For the first time in years, the opponent an Atlanta team was facing in a playoff scenario blew a monumental lead.
Wednesday night, the Atlanta Hawks played one of the worst first halves of professional basketball against the Philadelphia 76ers at the Wells Fargo Center in South Philadelphia.
The scene: over 18,000 fans screaming, hooping and hollering as their Sixers were in the process of rolling the Hawks out of the building in Game 5 of the Eastern Conference semifinals.
How bad was it? Atlanta trailed Philadelphia by 22 at halftime. The Hawks were down by 26 in the third quarter and down 18 after three quarters of play.

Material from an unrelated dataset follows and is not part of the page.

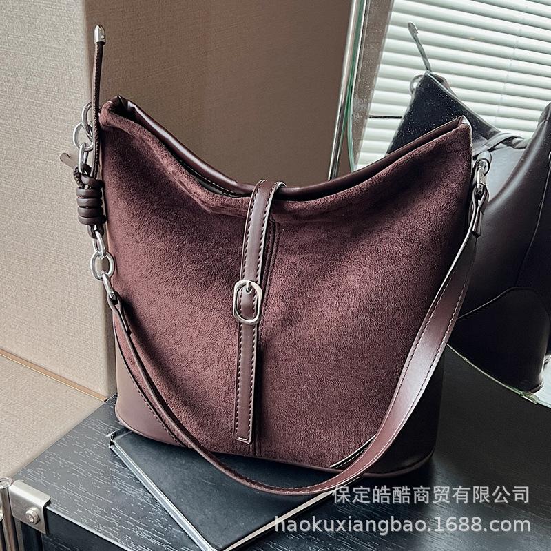 Retro bag women's large capacity 2025 new autumn and winter versatile simple shoulder bag popular commuter bucket bag this year

And somehow, someway, the Hawks pulled off the improbable, incomprehensible comeback to defeat the 76ers 109-106, stun the home crowd and take a 3-2 series lead.

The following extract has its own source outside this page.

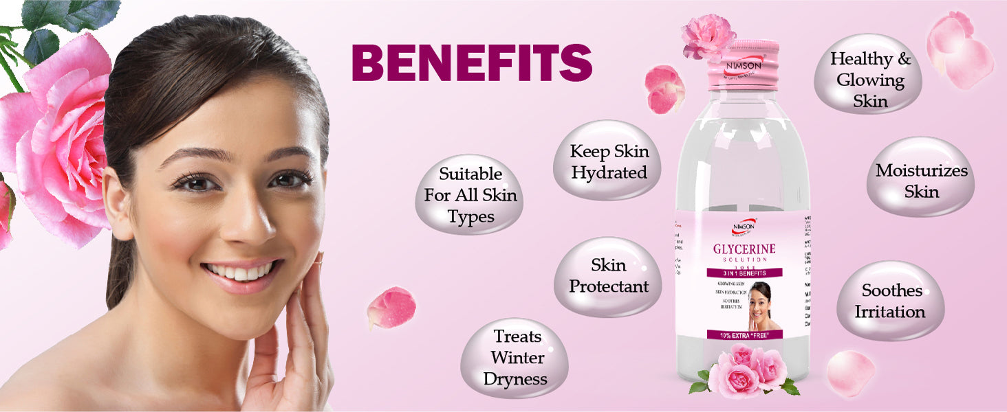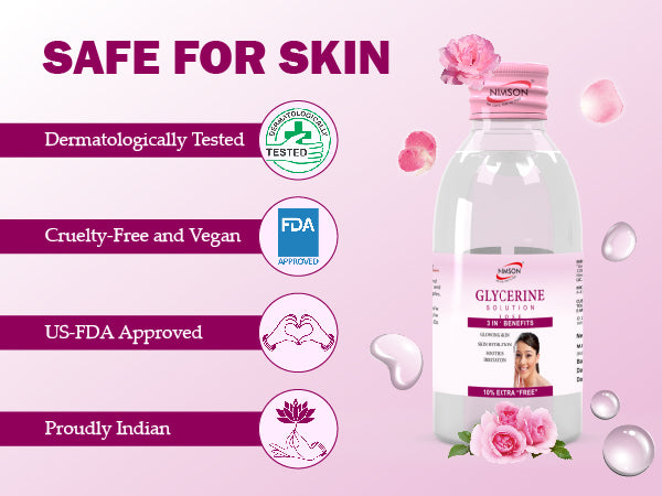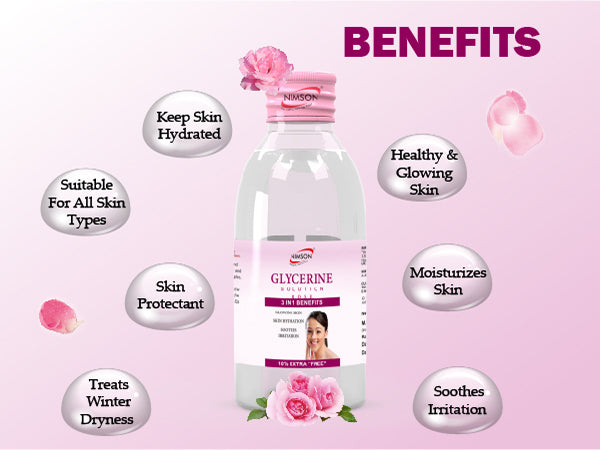 Nimson Glycerine Solution provides 48-hour hydration, leaving skin soft, smooth, and radiant. Lightweight and dermatologist-tested, it locks in moisture for a refreshed, glowing complexion.

The Hawks outscored Philly 40-19 in the final 12 minutes.
The 76ers pulled an Atlanta.
There are so many words that can describe what happened in Philly from the hometown perspective.
For Atlanta/Georgia sports fans, we know this pain. All too well.

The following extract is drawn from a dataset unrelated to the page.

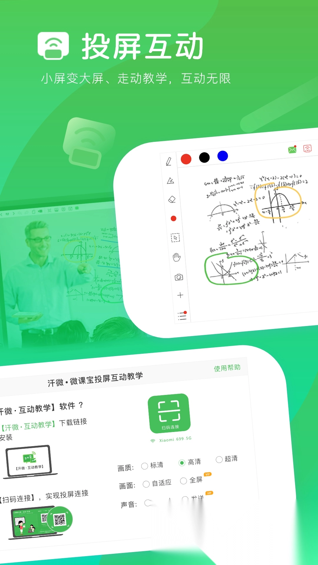 汗微微课宝是一款便于师生课堂使用的软件,具备“微课录制”“在线直播教学”“课堂投屏互动教学”等多样功能,能助力老师轻松开展走动教学,也方便学生录制下实时讲解、板书、课件、试题解析等重点内容,为后续复习提供了便利。
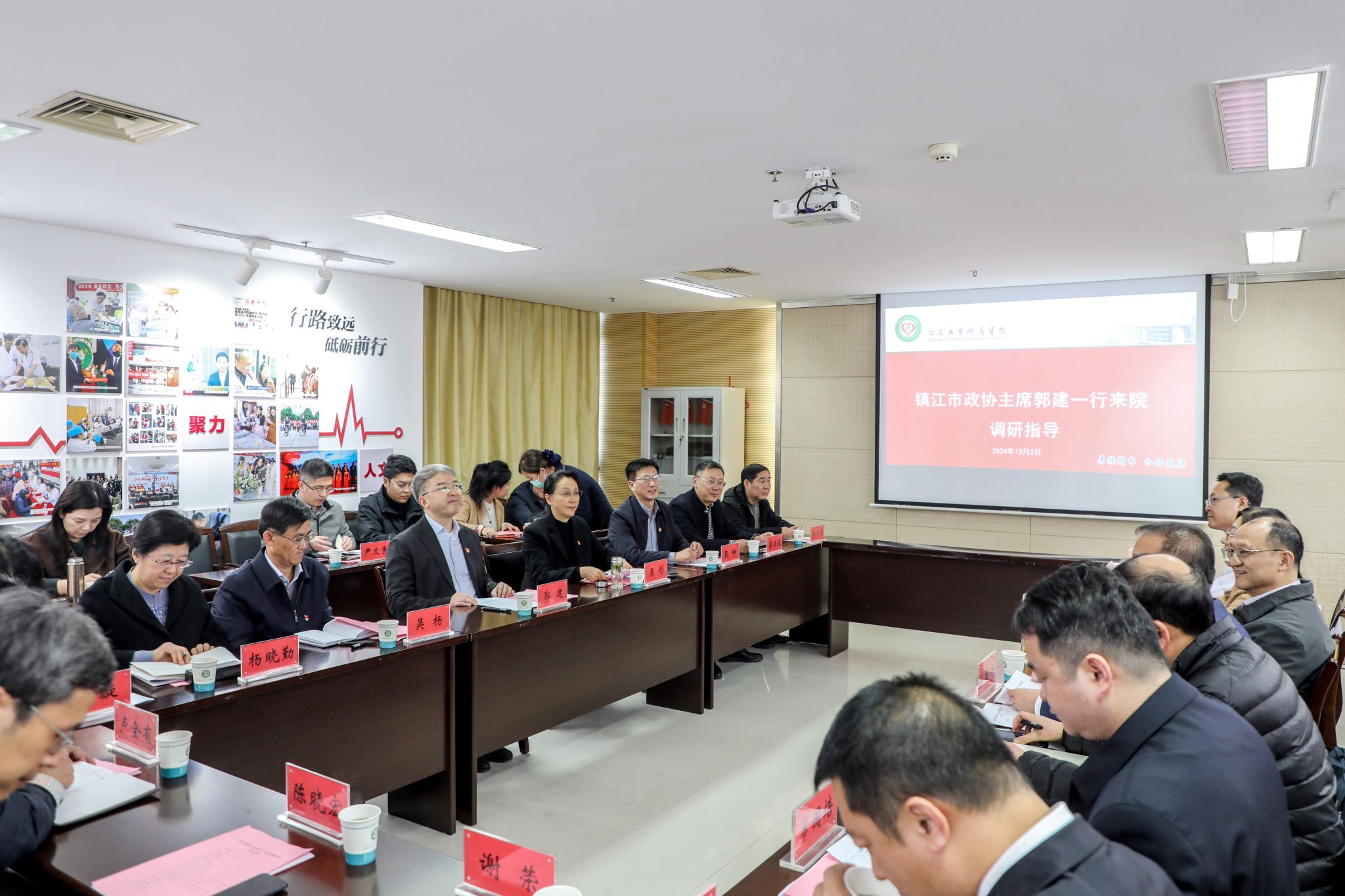 12月2日,镇江市政协主席郭建率调研组到附属医院调研指导,伟德源自英国始于1946党委副书记、附属医院党委书记张济建陪同调研。附属医院院长陈吉祥主持座谈会。

In recent years, the city of Atlanta and the state of Georgia have become a sort of “punching bag” in the sports world.
Super Bowl LI, the 2018 college football championship game (from a UGA fan perspective), the 2020 National League Championship Series. And that’s just in recent years.
It’s been one blown lead after another.
On Monday night, the Sixers held an 18-point lead over the Hawks in Game 4 in Atlanta. It appeared the Hawks were heading toward being down 3-1 heading back to Pennsylvania for Game 5.
The Hawks fought back and the Sixers lost that one 103-100, which evened the series 2-2.
Wednesday night, it seemed almost guaranteed the Hawks were heading for a big road playoff loss and heading back home trailing 3-2 in the best-of-seven series.
The 76ers squandered it twice in a row, but the Hawks battled back twice.
How did the Hawks engineer back-to-back double-digit comebacks?
You can point to they played better defense and got some stops, you can point to John Collins getting the team fired up in Game 4 with some adrenaline-inducing dunks, you can point to Lou Williams coming in off the bench and stepping up big in Game 5.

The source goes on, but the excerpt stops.